March 4, 2026

How to Deploy Qwen3-VL-32B with vLLM

Younes El Hjouji

Detailed Deployment Instructions

1. Environment Setup

# Create a working directory (choose your preferred location)

# Create virtual environment with Python 3.12
python3.12 -m venv venv

# Activate virtual environment
source venv/bin/activate

# Verify Python version (should be 3.12.x)
python --version

# Upgrade pip
pip install --upgrade pip

# Install vLLM
pip install vllm

2. Launch Deployment

# Make sure you're in your working directory and activate virtual environment
source venv/bin/activate

# Recommended public-facing configuration
vllm serve Qwen/Qwen3-VL-32B-Instruct \
  --dtype bfloat16 \
  --max-model-len 8192 \
  --max-num-batched-tokens 8192 \
  --gpu-memory-utilization 0.75 \
  --port 8000

3. Verification

3.1. Check server is running:

curl http://localhost:8000/v1/models

3.2. Test text inference:

curl http://localhost:8000/v1/completions \
  -H "Content-Type: application/json" \
  -d '{
    "model": "Qwen/Qwen3-VL-32B-Instruct",
    "prompt": "Hello, how are you?",
    "max_tokens": 50
  }'

3.3. Test video inference:

VIDEO_BASE64=$(base64 -w 0 /path/to/video.mp4)
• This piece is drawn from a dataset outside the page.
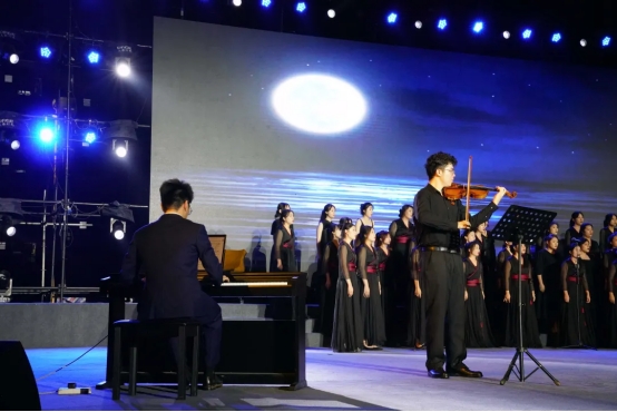 一幅春日之际,人们欢聚一堂,高举花环,节庆游行的欢腾盛景被周小漩、官山月等同学的古筝重奏《柳京之舞》生动描绘。李芸韬、尹婉玲、张凌等同学的群舞《碇步桥》,以古朴雅致的音乐和轻柔绵绵的舞姿,流动出质朴玲珑的江南水乡女子的最美色调与景致。成幸雯、黄雅倩、胡慧洁、覃诗涵四位老师的歌曲《幸福中国一起走》,在亲切温存的歌声中,聆听了新时代亿万人民的心声,感受了新时代阔步前行的步伐。广东歌舞剧院的国家一级演员潘旭老师带来的歌曲《闪亮的翅膀》和《远走高飞》,表达了青年学子对梦想的追逐,对未来的憧憬。朱海明、李子龙的器乐重奏《Mojito》,用轻快自在、热情澎湃的曲调,演绎着青春的礼赞。周钰、李欣、殷美晨等带来的群舞《茉莉花开》,将圆韵律与纸伞相结合,用轻快活泼的节奏搭配婀娜动人的舞姿,展现出了中国古典舞蹈的典雅与韵味。男声独唱周凌志的歌伴舞《把一切献给党》,坚之于心,行之于力,用最真诚、最响亮的歌声、最美妙的舞韵再一次重温、再一次叩问我们的初心使命。女声独唱赵南颖的歌伴舞《不同凡响》动感十足,酷炫的舞台和灵巧的舞姿带给大家一场视觉盛宴,在热烈的氛围中感受着青春的美好。陈师本、黄展、孙莹等同学的舞蹈《我和我的家乡》,用青春洋溢、真挚动人的表演再现了南海大沥现实生活中的人和事,表达了青年一代对家乡变化的关注,对家乡建设的付出,对幸福生活的追求。南方歌舞团青年演唱家国家一级演员王璀璇老师的歌曲《你的答案》,倾情演绎展现了新时代广理学子们意气风发、执着勇敢向前的精神面貌。陈玉瑶、陈宁曦、谢水清等同学的群舞《水色》窈窕秀美,若仙若灵,优雅灵动的舞步尽显青春多彩、青春活力。由陈奕彤指挥、黎艺斌钢琴伴奏、何慈庆小提琴、陈大帆打击乐和广州理工学院合唱团共同带来的合唱《月半小夜曲》、《广府情》,演奏磅礴大气,节奏轻快活泼,旋律青春灵动,点燃了全场氛围。最后在与张智、林翊、谢香平、符梅凤四位老师倾情领唱的《领航》中,共同唱响了本次晚会的尾声,用恢宏激昂的旋律、振奋人心的歌词、波澜壮阔的画面,深情讴歌了中国共产党为中国人民谋幸福、为中华民族谋复兴的初心,全面展现了广州理工师生的蓬勃朝气和律动之美。

curl http://localhost:8000/v1/chat/completions \
  -H "Content-Type: application/json" \
  -d "{
    \"model\": \"Qwen/Qwen3-VL-32B-Instruct\",
    \"messages\": [{
      \"role\": \"user\",
      \"content\": [
        {
          \"type\": \"video_url\",
          \"video_url\": {
            \"url\": \"data:video/mp4;base64,\$VIDEO_BASE64\"
          }
        },
        {
          \"type\": \"text\",
          \"text\": \"Describe this video in detail.\"
        }
      ]
    }],
    \"max_tokens\": 150
  }"

Verified Results:

Deployment succeeded with the 8K / 75% GPU configuration.
Text inference returned in about 0.99 seconds for a short prompt.
A short video inference request completed in about 9.2 seconds and produced a detailed description.

4. Troubleshooting

Issue 1: Not enough free GPU memory

Solution: Lower --gpu-memory-utilization or reduce --max-model-len.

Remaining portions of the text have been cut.